--- Extracted records ---
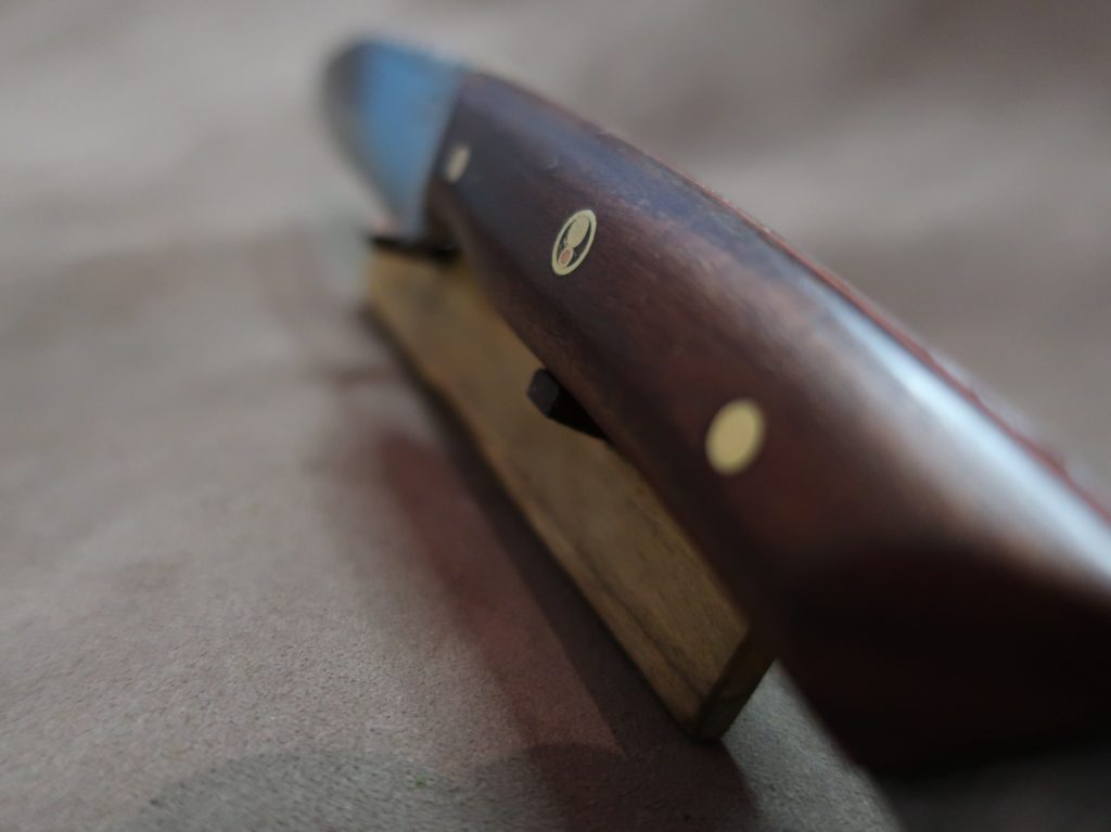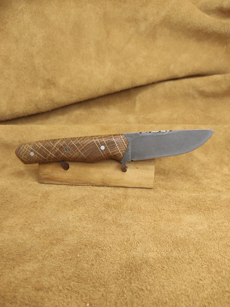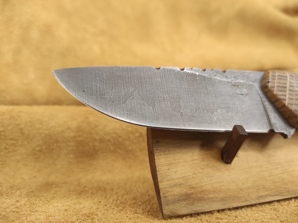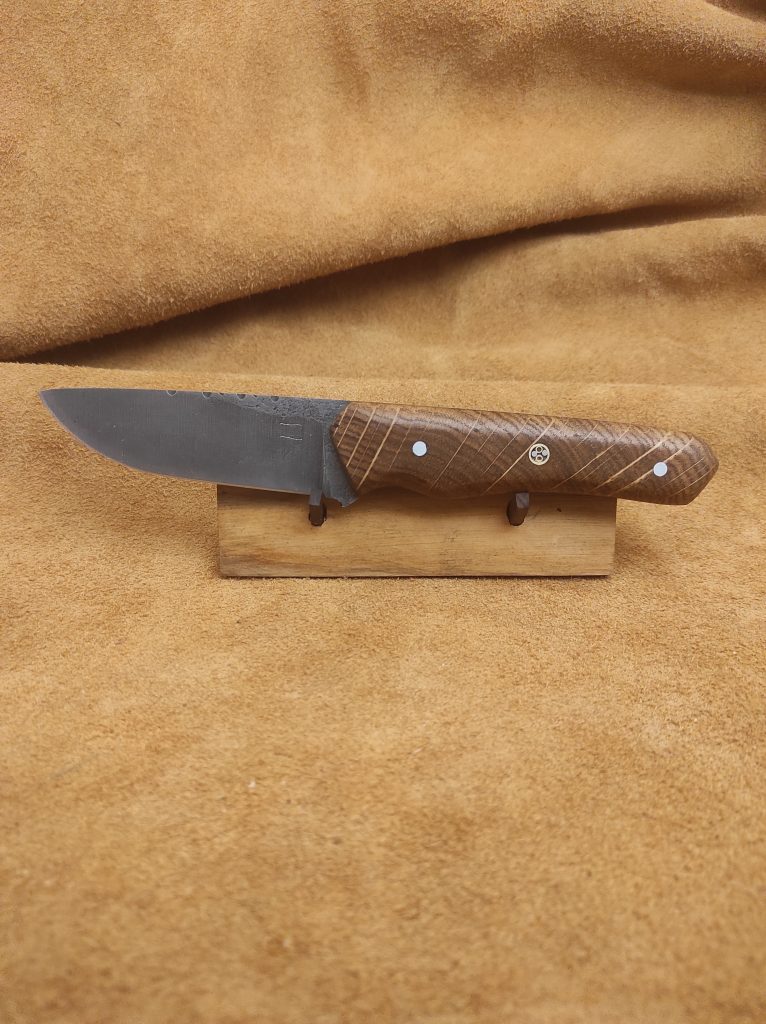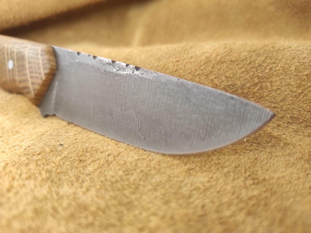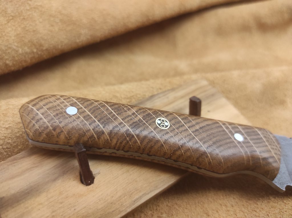 Sa lame drop point de 8 cm, pour une hauteur de 2,8 cm et une épaisseur de 2,5 mm, est forgée dans un acier 135Cr3. Cet acier à haute teneur en carbone assure un tranchant remarquable, une excellente résistance à l’usure, tout en restant facile à aiguiser. Grâce à une émouture plate partielle et une finition satinée mate, la lame combine précision, solidité et esthétisme discret. De plus, un traitement thermique minutieux avec recuit sélectif garantit la résilience et la longévité de la lame.
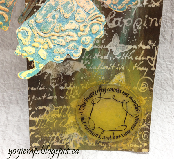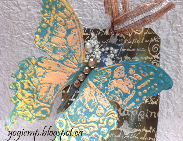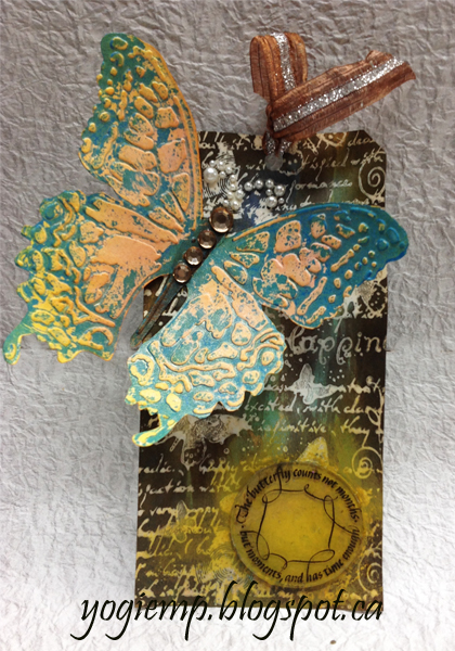 Die cut the tag from white cardstock. Inked up my background stamps (Local King Rubber "Happiness") using Distress Picket Fence acrylic dauber as a resist. Dried thoroughly. Applied stains in various colors ("Broken China", "Mustard Seed", "Faded Jeans", "Ground Espresso"), misting with water, drying. With a damp paper towel, wipe the excess of the resisted areas. Sponged around the edges with "Ground Espresso". Die cut the butterfly (Tim's Sizzix Bigs "Layered Butterfly" with embossing folder) from white cardstock. Embossed the design, first applying "Broken China" acrylic paint to the embossing folder, embossing (cleaning my folder immediately...) drying the butterfly. |
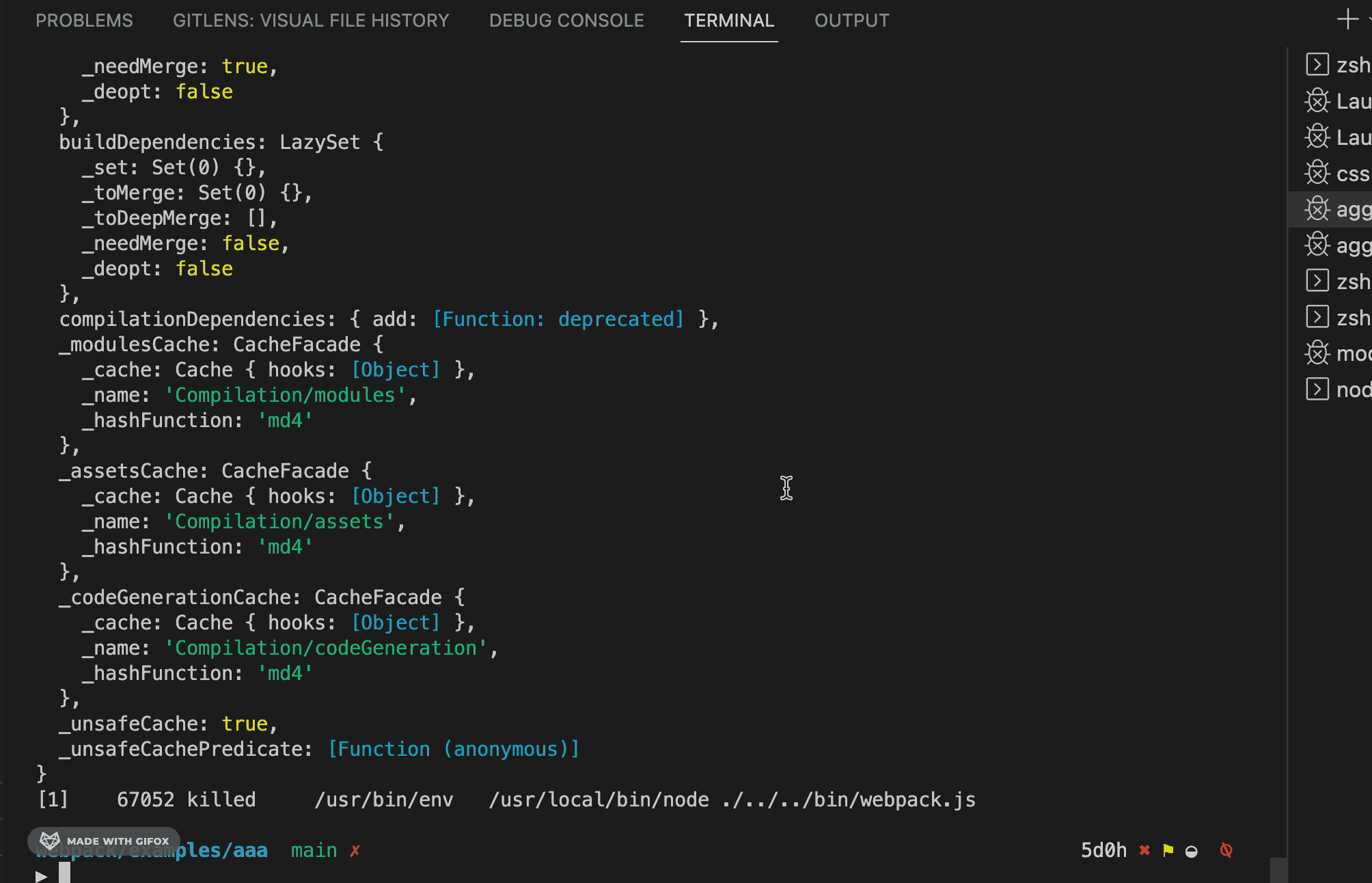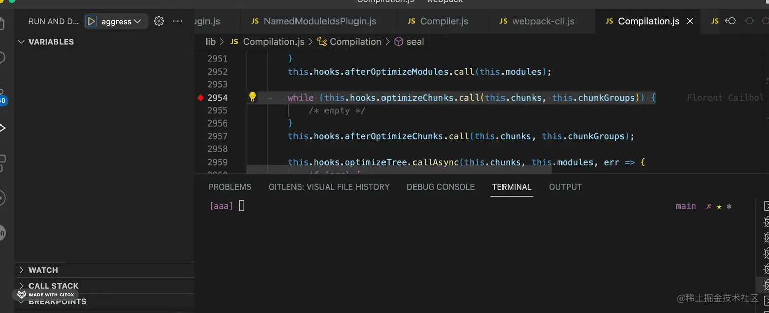 比如我想看 webpack 源码里的 compilation 对象的值,我打印了一下:
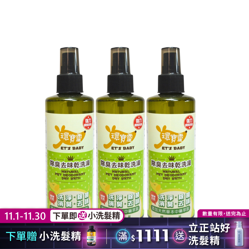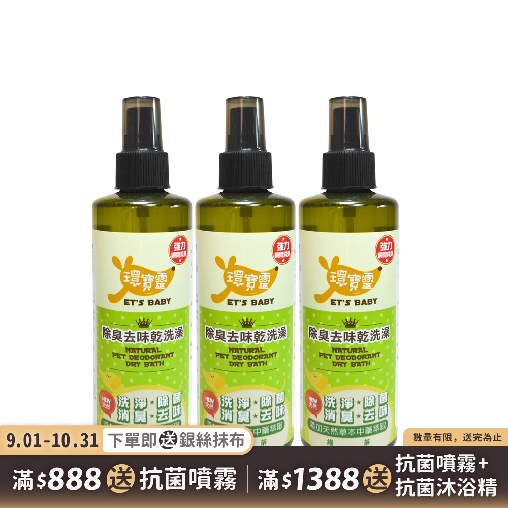 內容簡介 【環寶靈】寵物除臭去味乾洗澡(綠茶)260ml 特點: 1. 可用於寵物身上,也可用在居家環境清潔及需要除臭之地方。 2. 添加中藥龍芽草,抗菌抑菌率達100%,天然無毒無害,沒有任何化學成分,不傷寵物肌膚及環境。 3. 具有保護效果的天然獨家配方,使用後寵物身上及環境會形成一層保護膜。 4. 利用微奈米化技術,將清潔效果做到更細微,以達到更深層的潔淨效果。 5. 產品皆為天然成分,故使用中寵物不慎舔食,請勿擔心。 6. 綠茶萃取精華具有保濕成分且抗氧化能力強,能防護毛髮掉落,並舒暢寵物皮脂線,維持寵物毛髮健康,身上味道清新無異味。 使用方法 1. 將產品均勻噴灑全身,包括四肢及腳趾內側,噴灑後可用手稍微按摩後,再用毛巾擦拭即可。 (建議將產品先噴在雙手後,再輕柔的搓揉寵物皮脂腺,以達到最好的清潔效果) 2.將產品噴灑在需要除臭的地方,每天均勻噴灑,即可達到除臭除菌的效果。 商品內容:【環寶靈】寵物除臭去味乾洗澡(綠茶)260ml(3瓶 組) 成分:龍芽草提起物 海洋礦物塩 椰子油 檸檬酸 小麥蛋白 椰油甜菜鹼 純水 綠茶萃取液 規格容量:260ml 製造日期:如標籤所示 有效期限:三年 製造地:台灣 注意事項 1.若狗狗是長毛犬,請將毛髮撥開再噴灑產品。 2.將本產品放置陰涼處。 3.本產品非食品,請勿吞食。 4.如誤噴灑到眼睛,請用大量清水清洗。
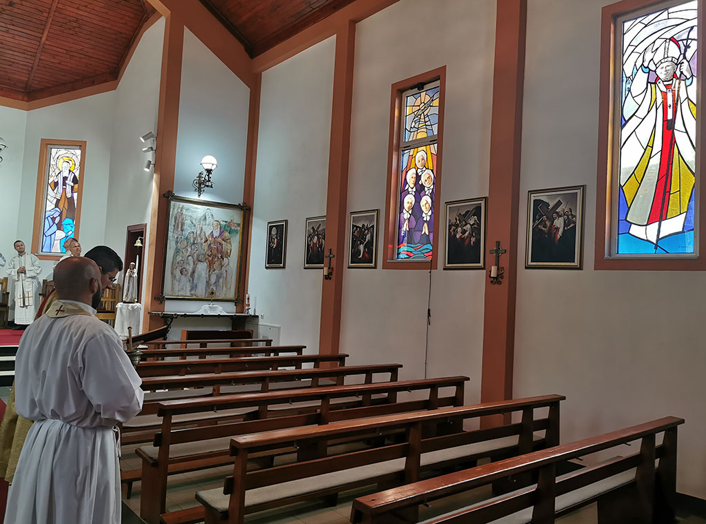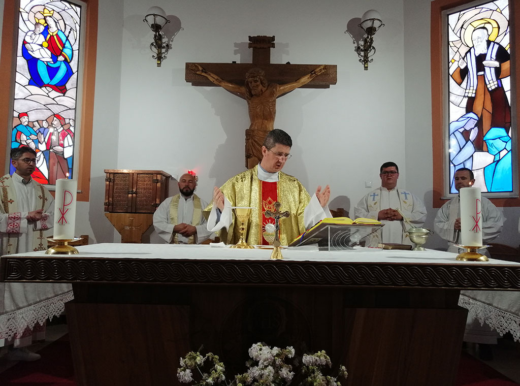 Nakon popričesne molitve generalni vikar je blagoslovio vitraje: Bl. Drinskih mučenica, Sv. Ivana Pavla II. i Bl. Ivana Merza.

--- Task item ---
None of the pictures belong in the copy; transcribe the rest of the data exactly.

--- Task solution ---
 Sa lame drop point de 8 cm, pour une hauteur de 2,8 cm et une épaisseur de 2,5 mm, est forgée dans un acier 135Cr3. Cet acier à haute teneur en carbone assure un tranchant remarquable, une excellente résistance à l’usure, tout en restant facile à aiguiser. Grâce à une émouture plate partielle et une finition satinée mate, la lame combine précision, solidité et esthétisme discret. De plus, un traitement thermique minutieux avec recuit sélectif garantit la résilience et la longévité de la lame.
 Die cut the tag from white cardstock. Inked up my background stamps (Local King Rubber "Happiness") using Distress Picket Fence acrylic dauber as a resist. Dried thoroughly. Applied stains in various colors ("Broken China", "Mustard Seed", "Faded Jeans", "Ground Espresso"), misting with water, drying. With a damp paper towel, wipe the excess of the resisted areas. Sponged around the edges with "Ground Espresso". Die cut the butterfly (Tim's Sizzix Bigs "Layered Butterfly" with embossing folder) from white cardstock. Embossed the design, first applying "Broken China" acrylic paint to the embossing folder, embossing (cleaning my folder immediately...) drying the butterfly. |
 比如我想看 webpack 源码里的 compilation 对象的值,我打印了一下:
 內容簡介 【環寶靈】寵物除臭去味乾洗澡(綠茶)260ml 特點: 1. 可用於寵物身上,也可用在居家環境清潔及需要除臭之地方。 2. 添加中藥龍芽草,抗菌抑菌率達100%,天然無毒無害,沒有任何化學成分,不傷寵物肌膚及環境。 3. 具有保護效果的天然獨家配方,使用後寵物身上及環境會形成一層保護膜。 4. 利用微奈米化技術,將清潔效果做到更細微,以達到更深層的潔淨效果。 5. 產品皆為天然成分,故使用中寵物不慎舔食,請勿擔心。 6. 綠茶萃取精華具有保濕成分且抗氧化能力強,能防護毛髮掉落,並舒暢寵物皮脂線,維持寵物毛髮健康,身上味道清新無異味。 使用方法 1. 將產品均勻噴灑全身,包括四肢及腳趾內側,噴灑後可用手稍微按摩後,再用毛巾擦拭即可。 (建議將產品先噴在雙手後,再輕柔的搓揉寵物皮脂腺,以達到最好的清潔效果) 2.將產品噴灑在需要除臭的地方,每天均勻噴灑,即可達到除臭除菌的效果。 商品內容:【環寶靈】寵物除臭去味乾洗澡(綠茶)260ml(3瓶 組) 成分:龍芽草提起物 海洋礦物塩 椰子油 檸檬酸 小麥蛋白 椰油甜菜鹼 純水 綠茶萃取液 規格容量:260ml 製造日期:如標籤所示 有效期限:三年 製造地:台灣 注意事項 1.若狗狗是長毛犬,請將毛髮撥開再噴灑產品。 2.將本產品放置陰涼處。 3.本產品非食品,請勿吞食。 4.如誤噴灑到眼睛,請用大量清水清洗。
 Nakon popričesne molitve generalni vikar je blagoslovio vitraje: Bl. Drinskih mučenica, Sv. Ivana Pavla II. i Bl. Ivana Merza.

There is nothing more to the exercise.